Integrative analysis of exogenous auxin mediated plant height regulation
in moso bamboo ( Phyllostachys edulis )
Auxin is important in regulating bamboo growth and development.
Naturally grown moso bamboo shoots were treated with auxin, and changes
in endogenous hormones were determined by a selective
response/multi-response monitoring–targeted metabolomics approach.
Gibberellin and cytokinin were significantly upregulated, while auxin
inhibitor treatment also resulted in endogenous hormone disruption.
Transcriptome sequencing using Oxford Nanopore Technology revealed that
the regulation of internode length by auxin is mainly through three
pathways at the transcriptional, translational and post-translational
levels. The pathways are phytohormone signaling, amino acid synthesis
and protein processing, and energy metabolism. The transcription factors
that play major regulatory roles include ethylene response factor, WRKY
and MYB transcription factor, NAC structural domain protein and basic
leucine zipper protein. A gene regulatory network was constructed and
screened, and we cloned the core regulatory gene— PheAUX/IAA34.

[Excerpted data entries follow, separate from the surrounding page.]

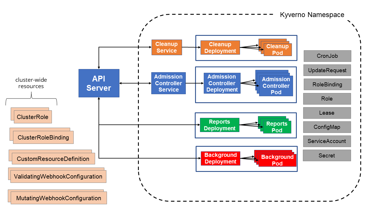 - Admission Controller: The heart of Kyverno, the Admission Controller receives and processes webhook requests from the Kubernetes API server and is responsible for validate, mutate, and verifyImages rules along with Policy Exceptions. It also performs most of the validations on policies themselves. This is the only required component of Kyverno which must be installed.
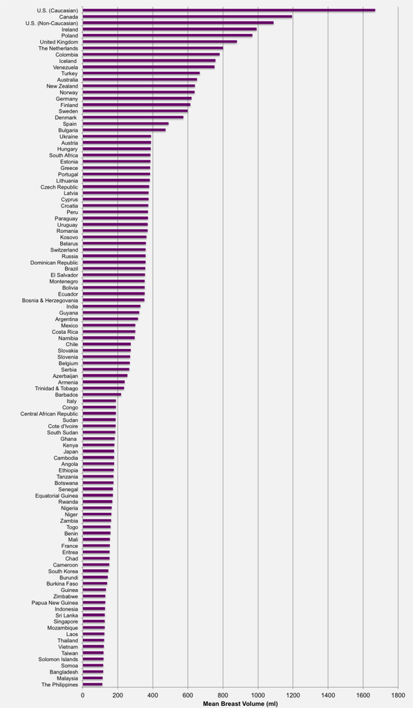 女性のおっぱいが最も大きい国・最も小さい国はどこ? 学者が世界108カ国で調査
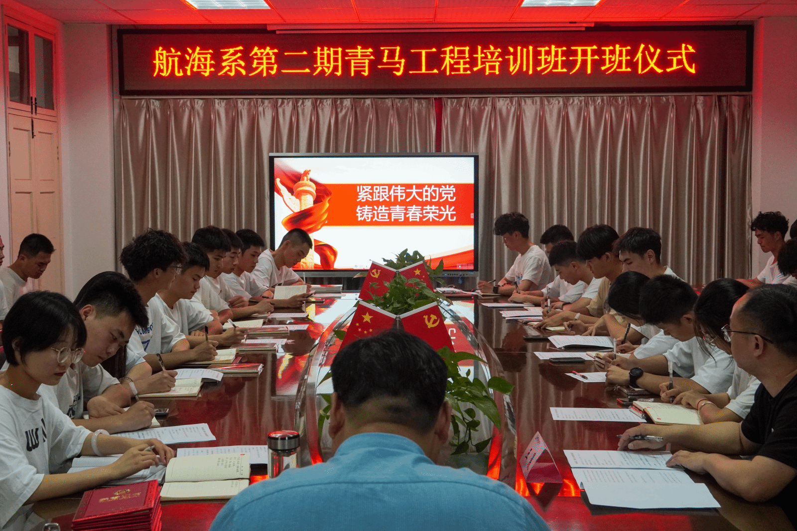 为深入学习宣传贯彻习近平新时代中国特色社会主义思想,践行党的二十大精神,进一步加强对航海系学生骨干的理论武装和实践培养,着力培育一批信仰坚定、能力突出、素质优良、作风过硬的青年马克思主义者,5月15日,航海系第二期“青马工程”培训班开班仪式暨开班第一课顺利举行。系党支部副书记、主任刘超、团总支负责人王晨及培训班全体学员参加开班仪式。
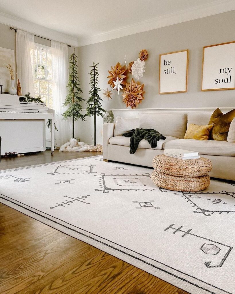 A white rug, brightly painted wall and white couch should be the perfect combination for that look you’re trying to achieve. You can opt for a white tree to make everything unique but you can also go for a green one to keep that area different.

We found that there may be crosstalk between auxin signaling and
jasmonic acid signaling, and verified that auxin can co-regulate growth
with plant hormones by transgenic and yeast two-hybrid experiments. The
results demonstrated that auxin-mediated height regulation in bamboo
mainly regulates internode length rather than node numbers. For single
internodes, auxin mainly regulates internode elongation by promoting
cell elongation. High-quality bamboo internode materials for production
can be obtained by auxin treatment, which can provide a reference for
bamboo plant height regulation research.